- What you need to do
Each entry should be copied as it stands, leaving the pictures behind.

- Exercise data

=== Begin Enclosure ===

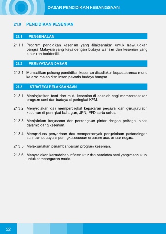 21.3.1 Meningkatkan taraf dan mutu kesenian di sekolah bagi memperkasakan
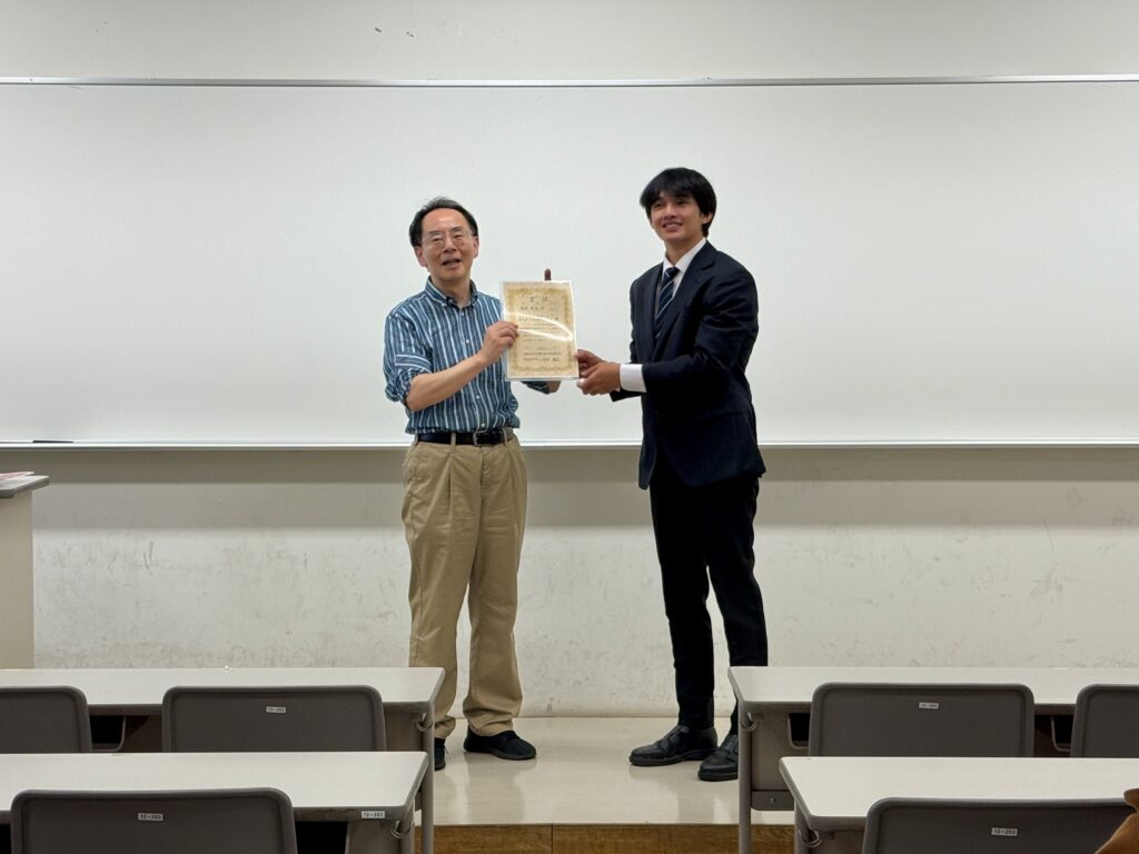 ホームお知らせ 修士課程中間発表優秀発表賞受賞 2025年11月13日 2025年10月1日 水理研究室の修士課程2年Malone Luke Estavillo Montereyさんが、修士課程1年次の中間発表において「前原康夫賞(優秀発表賞)」を受賞しました。 この受賞は、土木・環境工学分野における優れた研究成果と発表能力が高く評価されたものです。 発表題目:「3次元水理シミュレーションによる小河内貯水池における風の影響を受けた濁度放流の解析」 表彰式にて
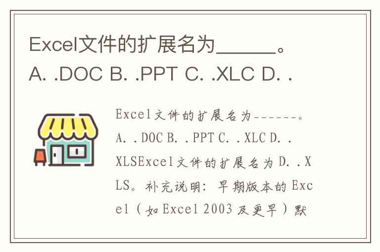 Excel文件的扩展名为______。 A. .DOC B. .PPT C. .XLC D. .XLS
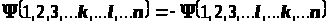 Полная волновая функция, коллектива идентичных фермионов антисимметрична относительно перестановки любой пары частиц между их индивидуальными одночастичными состояниями.
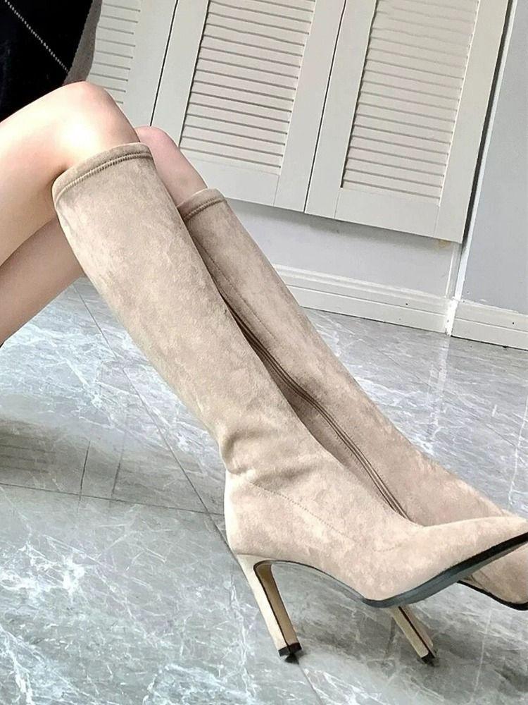 Damen High-Heel Stiefel 2025 Herbst und Winter Neue Hohe Röhren Elastische Dünne Stiefel Lange Stiefel Seitenreißverschluss Aber Knie Ritterstiefel
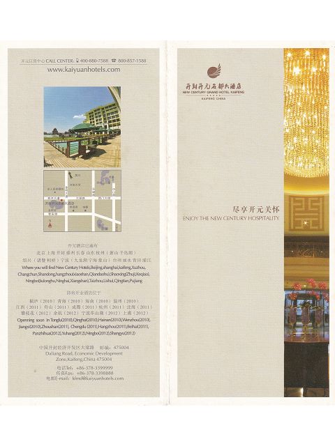 夜宿開封開元名都大酒店(開封市龍亭區鄭開大道1號),座落北宋皇家園林區金明池原址,環境優美,緊鄰有鄭汴紐帶之稱的鄭開大道,交通便利,距離開封市各旅遊景點的車程都在15分鐘之內。
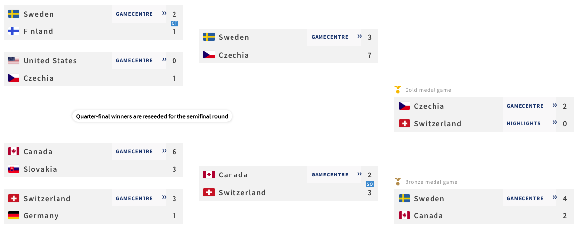 In the first Semifinal game, The Czech Republic beat Sweden 7-3. After a tied first period, the Czech Republic put on an impressive offensive display to win the game. Sweden couldn’t keep up. The Czech Republic made the Gold Medal Game for the first time since 2010. Sweden went on to play in the Bronze Medal Game. It was Swedens first time in the Bronze Medal Game since 2014. Switzerland upset Canada in the second Semifinal game, Switzerland beat Canada 3-2 in a shootout. Switzerland advanced to the Gold Medal Game. This was the first time Switzerland was in the gold medal game sin 2018. This was the first time since 2018 that Canada was in the Bronze Medal Match.
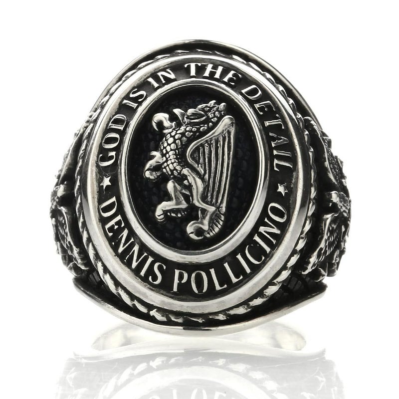 Leathers&Tresures創設者でありデザイナーのDennis Pllicino。かつて、アメリカ海軍に所属した経緯からUnited States Navyのイメージソースをカレッジリングに込めた彼の2周忌のメモリアルリングです。
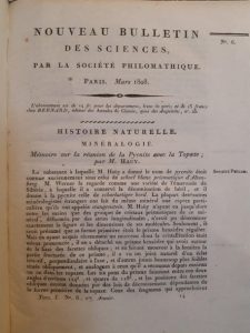 - [POISSON (Siméon Denis)]. «Mémoire sur la propagation de la Chaleur dans les corps solides». In : Nouveau bulletin des sciences, par la Société philomathique, mars 1808, n°6, pp. 112-116. Paris, mars 1808. Plaquette in-4, bradel cartonnage de papier marbré, pièce de titre en long au dos (Reliure moderne).
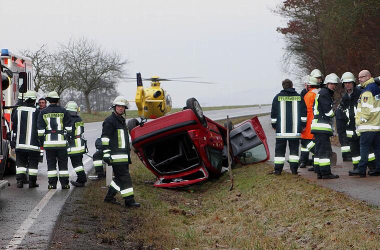 Beim Aufprall auf die Böschung überschlug sich der Pkw und blieb im Straßengraben auf dem Dach liegen. Der 44-jährige Beifahrer wurde im Fahrzeug eingeklemmt und musste von der Feuerwehr aus dem Fahrzeug befreit werden.

=== End Enclosure ===

- Exercise answer
 21.3.1 Meningkatkan taraf dan mutu kesenian di sekolah bagi memperkasakan
 ホームお知らせ 修士課程中間発表優秀発表賞受賞 2025年11月13日 2025年10月1日 水理研究室の修士課程2年Malone Luke Estavillo Montereyさんが、修士課程1年次の中間発表において「前原康夫賞(優秀発表賞)」を受賞しました。 この受賞は、土木・環境工学分野における優れた研究成果と発表能力が高く評価されたものです。 発表題目:「3次元水理シミュレーションによる小河内貯水池における風の影響を受けた濁度放流の解析」 表彰式にて
 Excel文件的扩展名为______。 A. .DOC B. .PPT C. .XLC D. .XLS
 Полная волновая функция, коллектива идентичных фермионов антисимметрична относительно перестановки любой пары частиц между их индивидуальными одночастичными состояниями.
 Damen High-Heel Stiefel 2025 Herbst und Winter Neue Hohe Röhren Elastische Dünne Stiefel Lange Stiefel Seitenreißverschluss Aber Knie Ritterstiefel
 夜宿開封開元名都大酒店(開封市龍亭區鄭開大道1號),座落北宋皇家園林區金明池原址,環境優美,緊鄰有鄭汴紐帶之稱的鄭開大道,交通便利,距離開封市各旅遊景點的車程都在15分鐘之內。
 In the first Semifinal game, The Czech Republic beat Sweden 7-3. After a tied first period, the Czech Republic put on an impressive offensive display to win the game. Sweden couldn’t keep up. The Czech Republic made the Gold Medal Game for the first time since 2010. Sweden went on to play in the Bronze Medal Game. It was Swedens first time in the Bronze Medal Game since 2014. Switzerland upset Canada in the second Semifinal game, Switzerland beat Canada 3-2 in a shootout. Switzerland advanced to the Gold Medal Game. This was the first time Switzerland was in the gold medal game sin 2018. This was the first time since 2018 that Canada was in the Bronze Medal Match.
 Leathers&Tresures創設者でありデザイナーのDennis Pllicino。かつて、アメリカ海軍に所属した経緯からUnited States Navyのイメージソースをカレッジリングに込めた彼の2周忌のメモリアルリングです。
 - [POISSON (Siméon Denis)]. «Mémoire sur la propagation de la Chaleur dans les corps solides». In : Nouveau bulletin des sciences, par la Société philomathique, mars 1808, n°6, pp. 112-116. Paris, mars 1808. Plaquette in-4, bradel cartonnage de papier marbré, pièce de titre en long au dos (Reliure moderne).
 Beim Aufprall auf die Böschung überschlug sich der Pkw und blieb im Straßengraben auf dem Dach liegen. Der 44-jährige Beifahrer wurde im Fahrzeug eingeklemmt und musste von der Feuerwehr aus dem Fahrzeug befreit werden.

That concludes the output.